Figure – Map of United States circa 1790.

Harrison met the daughter of a prosperous local farmer and judge named Anna Tuthill Symmes. Anna, a calm, dark-eyed young woman, was comfortable with the frontier life, an excellent rider who seemed to be at home in the wilderness. She was well read, interested in politics, and eagerly consumed newspapers and journals when they made their way to this remote outpost. Anna met her future husband at a party thrown by her sister in Lexington. Soon their romance blossomed and the couple married in 1795.

Anna’s father, Colonel John Cleves Symmes, did not approve of the wedding because he knew that the life of an army officer stationed at an outpost was not a pleasant one, with many hardships and low pay. “How do you expect to support my daughter?” Colonel Symmes demanded. “My sword is my means of support, sir!” came Harrison’s reply. Over time Colonel Symmes would accept the marriage and his new son-in-law. William Henry purchased a 160-acre farm with a two story log cabin on the property from his father-in-law, and the young couple set about building a life together. A year following the wedding, Anna gave birth to a daughter, Elizabeth. She was the first of what would be ten children. Although the Harrisons lived well by frontier standards, money was always a problem and William Henry was continually on the lookout for a profitable business adventure to supplement his meager army pay.

More interested in domestic life, Harrison resigned from the army in 1798 and accepted an appointment as secretary of the Northwest Territory. In 1799, the territorial legislature elected Harrison as their delegate to Congress.

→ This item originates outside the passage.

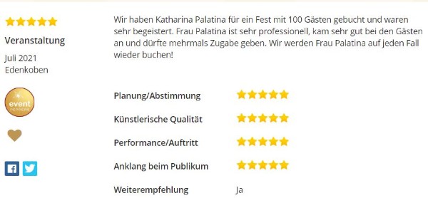 ...unkompliziert und offen in der Abstimmung, dezent und zurückhaltend während des Auftritts.... Katharina Palatina begeisterte mit ihrem modernen Saxophon-Spiel und ihrem Gesang, sowohl bei der Untermalung des Festakts, als auch durch ihre Hintergrundmusik während des Empfangs (Amtseinführung mit Steh-Empfang, ca. 50 Gäste).
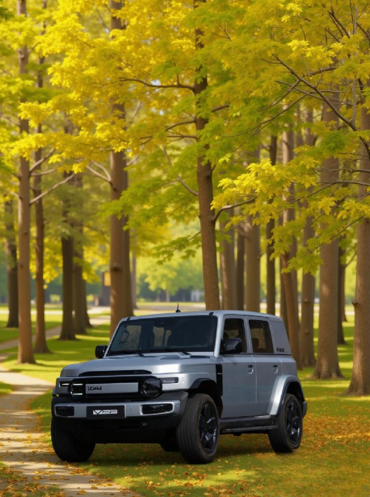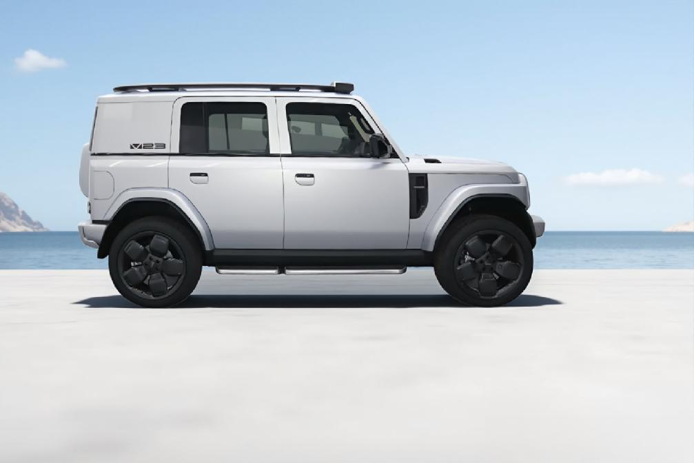 iCAR V23车身造型拥有极致宽高比,其两驱标配19吋,四驱标配21吋,官方提供18吋到21吋另外3种轮毂和18吋AT胎选装。除此之外,iCAR V23车身尺寸也具有优势,车长是4220mm、车宽是1915mm、车高是1845mm、轴距2735mm。

Chapter 2 – Political Career Begins

I contend that the strongest of all governments is that which is most free.” – William Henry Harrison

As a territorial delegate to Congress he could not vote since this was only allowed for delegates from states; however, he was able to make recommendations. In December 1799, Harrison suggested a study of the land distribution system important to the Northwest Territory. He was appointed as chair of a special committee that came up with a recommendation that land should be sold in small plots for individuals to purchase for a farm and homestead rather than large tracts of land that only wealthy speculators could afford. Harrison proposed a bill that made it through Congress that allowed for tracts of 320 acres to be sold for $2 an acre and purchased on credit. The new cheap land greatly expanded the opportunities for the average person to acquire land, but it did lead to many foreclosures. The previous legislation, the Land Act of 1796, had stipulated that fifty percent of the territory’s land be sold in tracts of 5,770 acres and the rest in 640 acre plots. The new legislation allowed for more settlers to move into this frontier country. Harrison also devised a plan to divide the Northwest Territory in two, creating the Indiana and Ohio Territories.